Hue more south than before

VIETNAM | Tuesday, 21 August 2012 | Views [529]

After our final night in Hanoi, we went to the airport to fly to Hue. There we were met by a bubbly guide and silent driver, who took us to eat a quick ham and formaggio baguette, before trudging around the site of the old imperial city in the hellish heat. We then relaxed in the regal hotel, the Morin, built in 1901, very beautiful and French colonial. The room was vast and comfortable, with a cool garden restaurant and pool to relax by.


Hue lifestyle seems a lot more chilled out, with less people and bigger streets than the chaotic mazes of lanes in the old quarter of Hanoi. We wandered the night market full of Chinese plastic crap, and ate at a recommended restaurant before an early night. Being woken before 7am takes its toll on me, and traveling with Dad, who usually rises around 4am, is definitely challenging.
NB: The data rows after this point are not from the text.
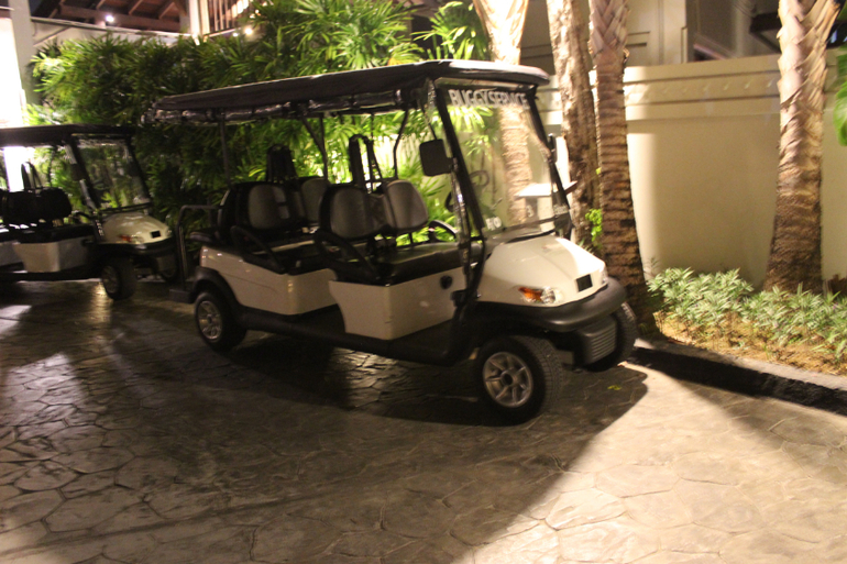 Если тяжело идти до пляжа (минут 10) и с пляжа, то можно доехать вот на таком местном отельном транпсорте... Мы, наоборот, любители пеших прогулок и воспользовались раза два им всего, когда дети "опаздывали" в бассейн к подружкам))...
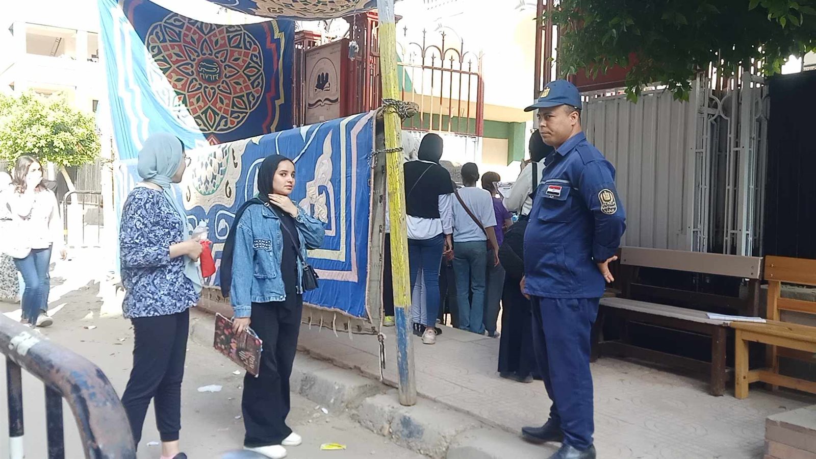 وبدأ دخول الطلاب والطالبات وخضع ا جميعا للتفتيش علي أبواب اللجان لتأكد من عدم اصطحاب الموبيلات داخل اللجان.
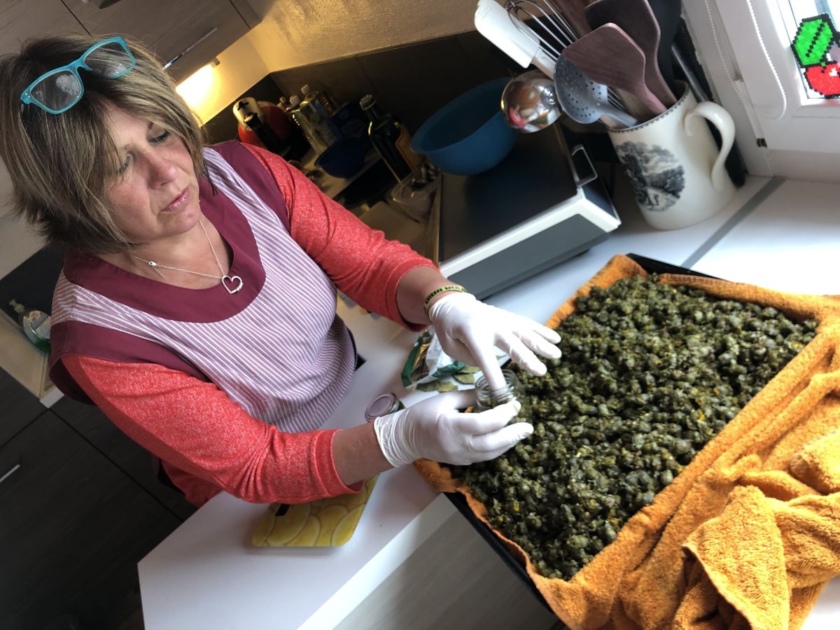 Durietta Buzzetti-Salis beim Abfüllen ihrer Löwenzahnknospen in die Einmachgläser. Foto: Marie-Claire Jur
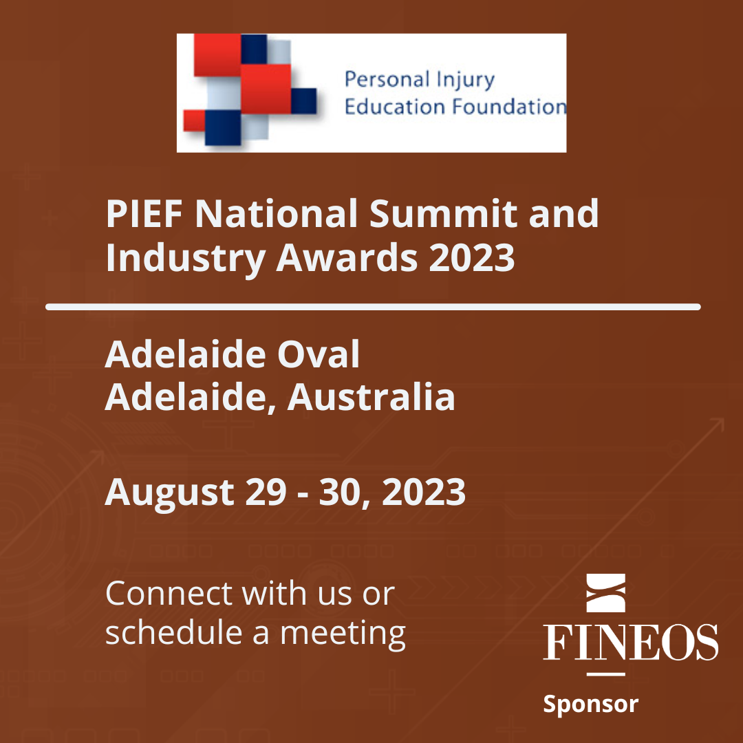 We are pleased to announce that FINEOS is a sponsor at the PIEF National Summit and Excellence in Personal Injury & Disability Management Awards for 2023 taking place at the iconic Adelaide Oval, Adelaide, Australia on August 29 and 30, 2023.
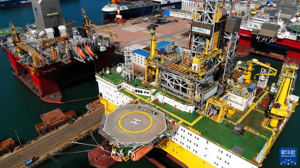 10月18日拍攝的“藍鯨1號”平臺(無人機照片)。
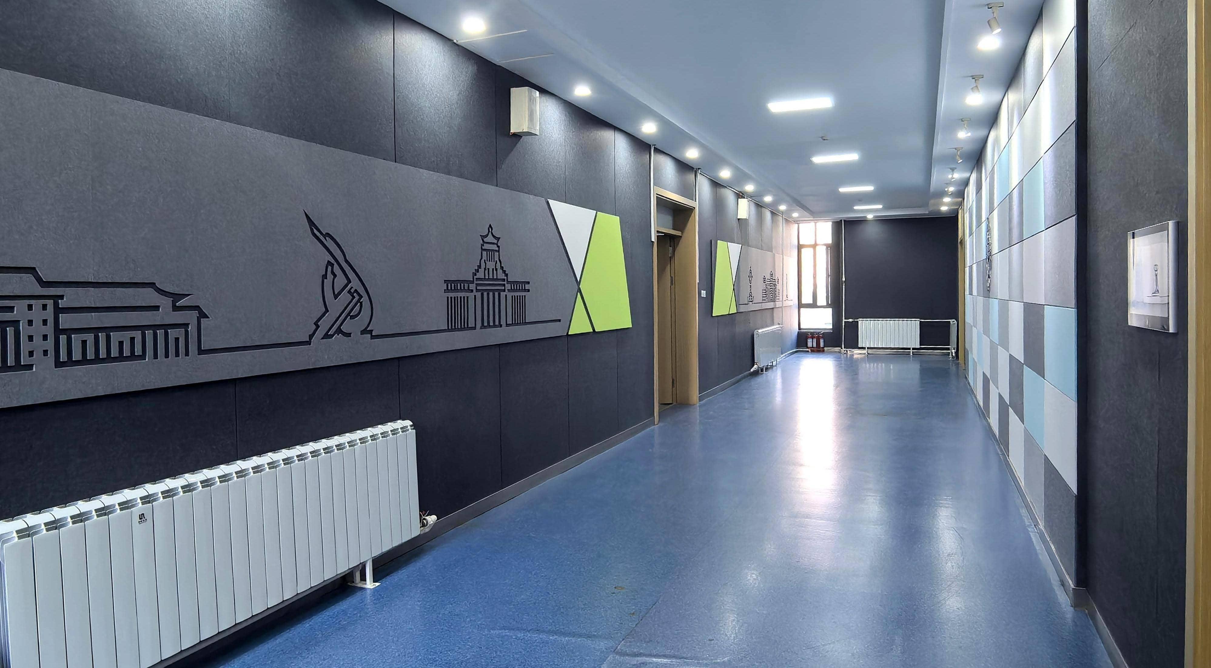 在本科生院及东区办公室的指导下,接到南岭校区逸夫教学楼走廊改造专项工作,设计系迅速组建由师生组成的实践教学团队,高效完成此次改造任务。经过前期多次现场勘察、开会讨论设计方案后,在72小时内完成包括:电梯间形象墙、走廊文化角、会议厅走廊空间三处改造项目的视觉设计方案。通过采用定制环保材料进行现场拼装的方式,既能保证艺术品质又能缩短工期。自9月19日起,实践教学团队与施工方开启“白+黑”工作模式。连续6昼夜完成近300平米墙面的艺术处理和多组装饰灯箱的安装调试。9月25日,南岭校区逸夫教学楼走廊文化建设改造项目全面竣工,焕然一新的走廊空间成为校园美育教学实践与学科精神传承的创新载体。
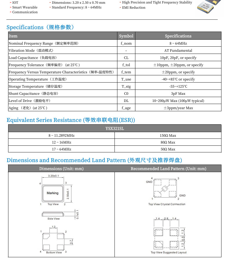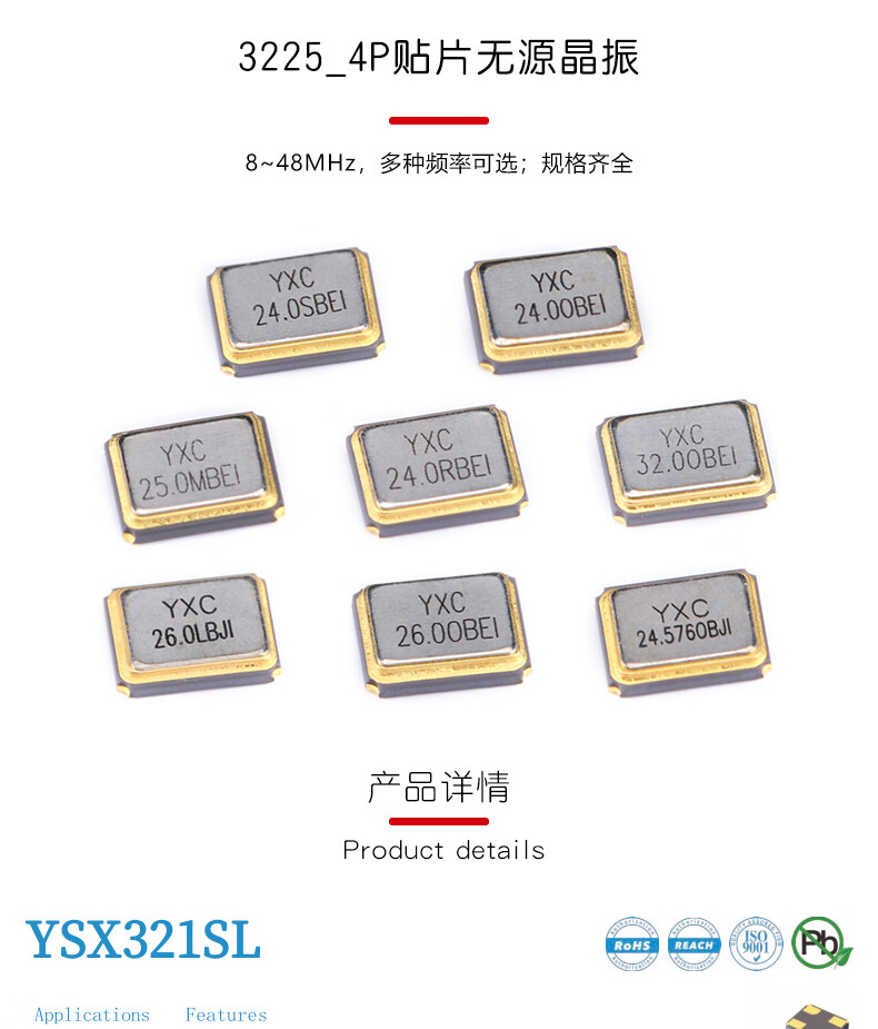 YourCee3225_4P SMD passive crystal oscillator series 8/12/13.56/16/20/24/25/26/32/40MHz 8MHz 10ppm 12pF No Specifications
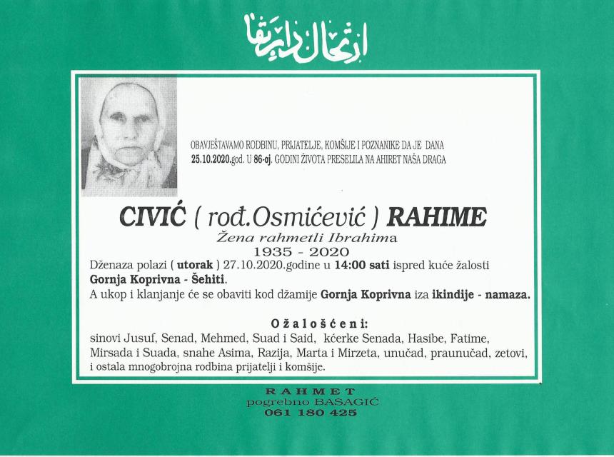 Tužnog srca i s bolom u duši obavještavamo rodbinu, komšije i prijatelje da je naša draga Civić (rođ Osmićević) Rahime 25. oktobra 2020. godine, u 86. godini života, preselila na Ahiret.
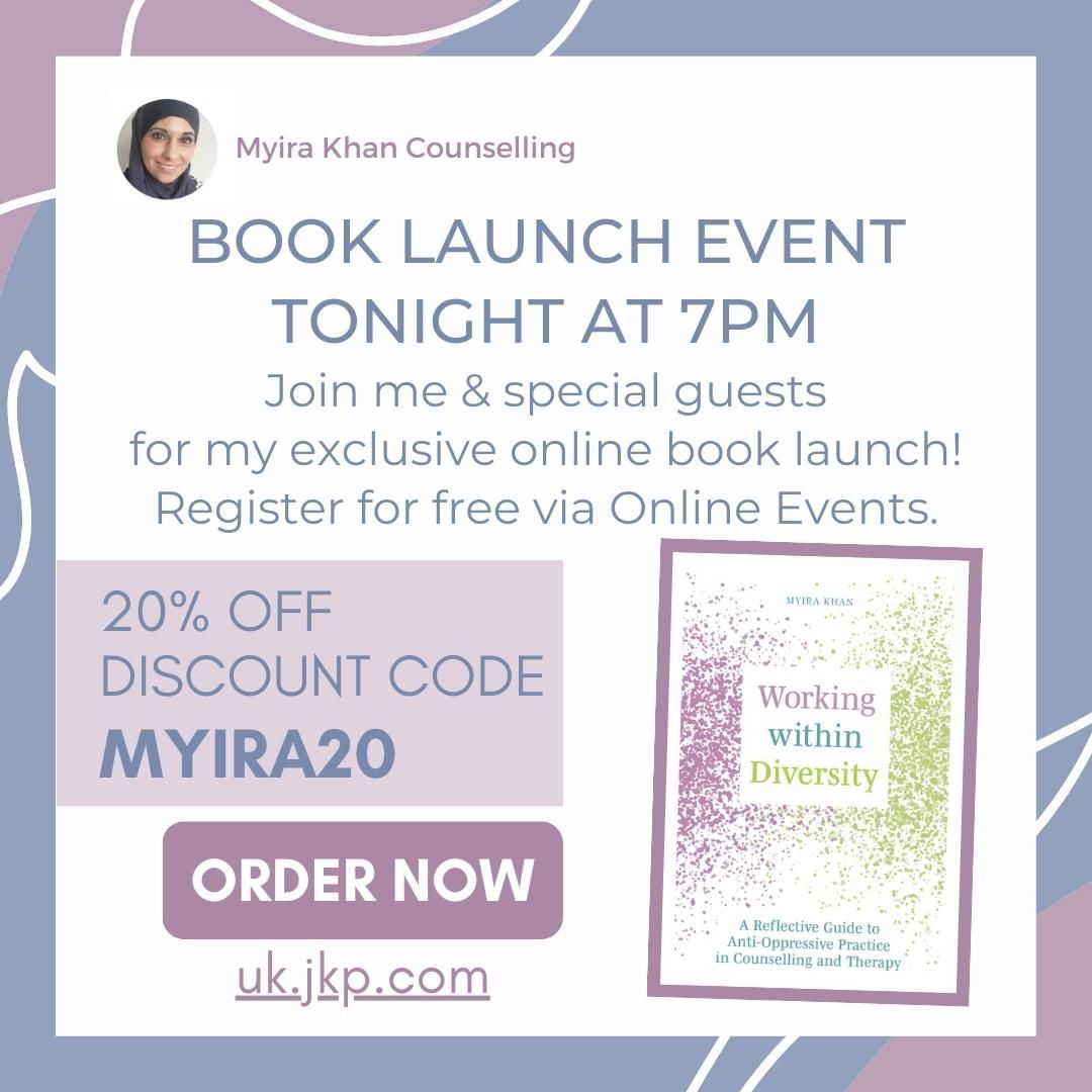 To book your ticket email: myira@myirakhancounselling.co.uk
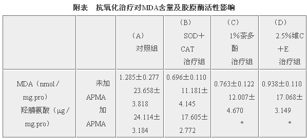 2.1 抗氧化治疗对丙二醛(MDA)含量及胶原酶活性影响
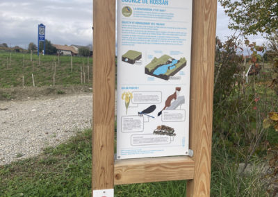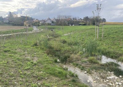 - La renaturation de la source de Rossan: notre bureau a étudié et élaboré le projet de renaturation de la source de Rossan entre le chemin du Saugey et l’arbre centenaire planté au carrefour avec la route de Denens, sur une distance d’environ 120 m. Objectif? Valoriser cette ressource, diminuer les débits transitant dans le collecteur d’eaux claires et assainir l’ancien captage d’eau potable.
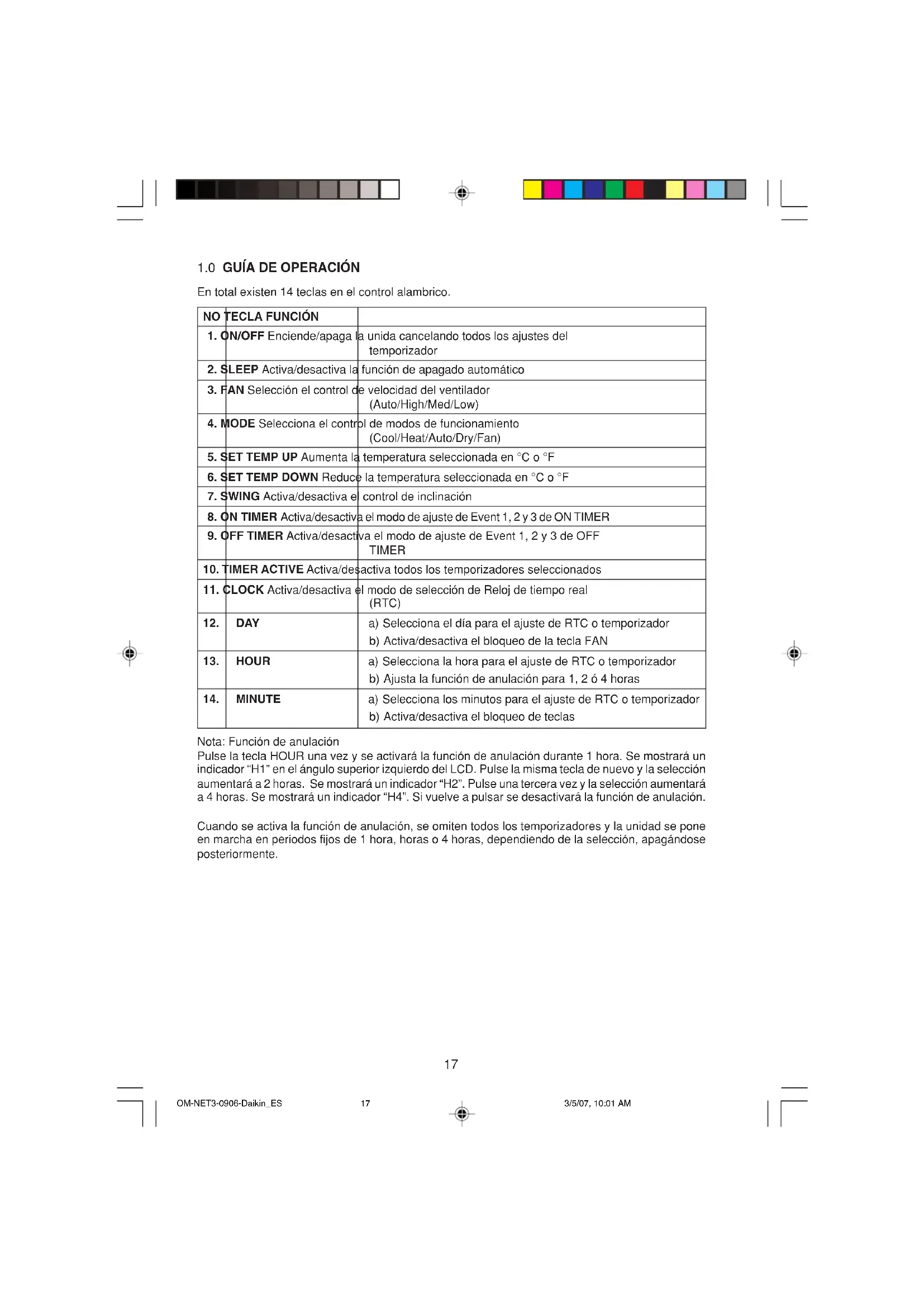 En total existen 14 teclas en el control alambrico. Nota: Función de anulación Pulse la tecla HOUR una vez y se activará la función de anulación durante 1 hora. Se mostrará un indicador “H1” en el ángulo superior izquierdo del LCD. Pulse la misma tecla de nuevo y la selección aumentará a 2 horas. Se mostrará un indicador “H2”. Pulse una tercera vez y la selección aumentará a 4 horas. Se mostrará un indicador “H4”. Si vuelve a pulsar se desactivará la función de anulación. Cuando se activa la función de anulación, se omiten todos los temporizadores y la unidad se pone en marcha en periodos fijos de 1 hora, horas o 4 horas, dependiendo de la selección, apagándose posteriormente. OM-NET3-0906-Daikin_ES 3/5/07, 10:01 AM1718
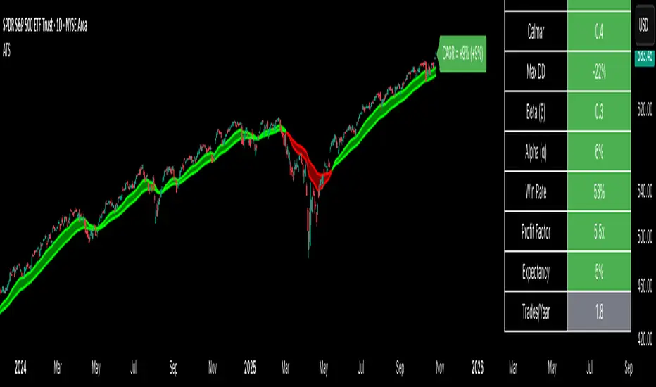 The Adaptive Trend Selector is a comprehensive trend-following tool designed to automatically identify the optimal moving average crossover strategy. It features adjustable parameters and an integrated backtester that delivers institutional-grade insights into the recommended strategy. The model continuously adapts to new data in real time by evaluating multiple moving average combinations, determining the best performing lengths, and presenting the backtest results in a clear, color-coded table that benchmarks performance against the buy-and-hold strategy.
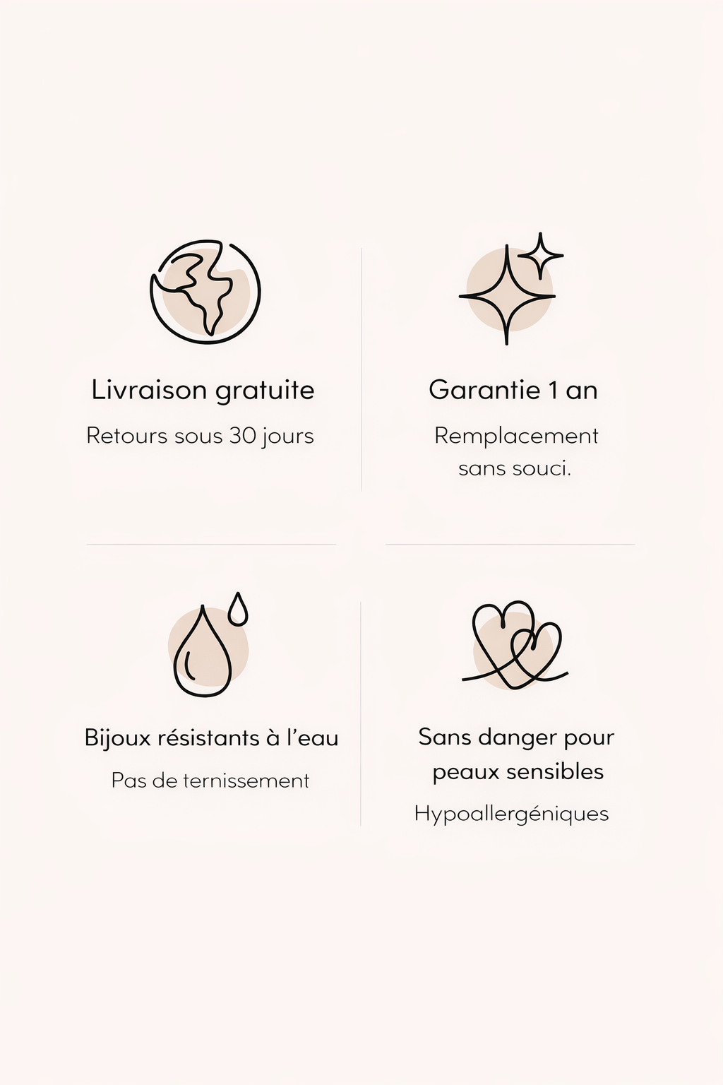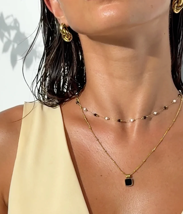 Tous nos bijoux sont fabriqués en acier inoxydable, sont 100 % résistants à l’eau et ne ternissent jamais, même portés à la piscine, sous la douche ou à la salle de sport.
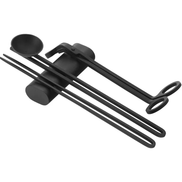 Clip ljustillbehörssetet inkluderar en ljussläckare, en vekeklippare, en pincett för att ta bort bränd veke samt en hållare för att förvara och visa upp föremålen.
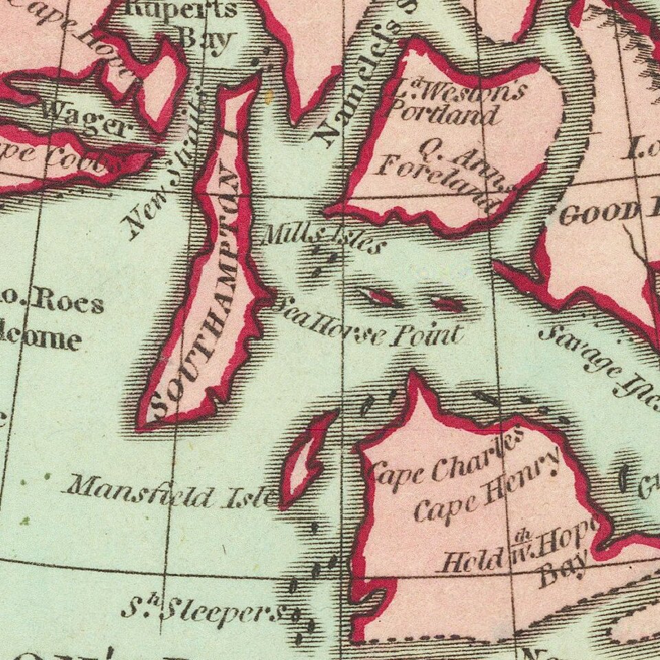 On the map, the source of the Mississippi River is shown as a Lake Bourbon. Tributaries of the river very nearly reach other rivers that flow into Hudson's Bay. An uncertainly drawn New Sea cuts through Labrador, it is unclear what this is meant to represent. Baffin's Bay closed, and "Prince Williams Land" extends far to the north. The Coppermine River, as mapped by Samuel Hearne in 1771, flows into "The Sea."

A bright blue morning took us to Perfume River for a loud boat trip to a pagoda, where photos were taken before sweatily getting into the air-conditioned car and driven to a tomb site. The mausoleum was quite like many temple grounds you see in Asia. As was the next one we visited. I enjoyed the beauty of lotus ponds, and spotting butterflies and geckos around the place. My favourite part of tripping around each of these touristy places is admiring the glazed pottery used in roof tiles, and the mosaic in and around each place depicting pictures of dragons and Chinese symbols of longevity.


After the exhaustingly hot stops here and there we opted to go back to the hotel to relax a bit. Instead we ended up having a quick swim in the pool and hopping out to take a bike-tuk ride to the big Dong Ba Markets across the bridge. Here, we were hounded by the shop-owners, to the point of complete frazzeldness! I got ripped off! My calculations between Vietnamese Dong to USD to NZD was way off and we spent quite a bit on presents for family and bits and pieces of general stuff. No worries, we headed back to the hotel to find a Trip Advisor recommendation for dinner.


Off down the street, not far from our hotel but down a few small alleys, we hit on Nina’s café, number 3 on TA. A family run restaurant, with smiley people serving the food and drinks, in a shack-like outdoor setting of red plastic chairs and things hanging everywhere, we ate a delicious meal mostly recommended to us by the waitress. Music was old school and we enjoyed the atmosphere and dinner so much, we dragged ourselves back to the hotel for another early eve.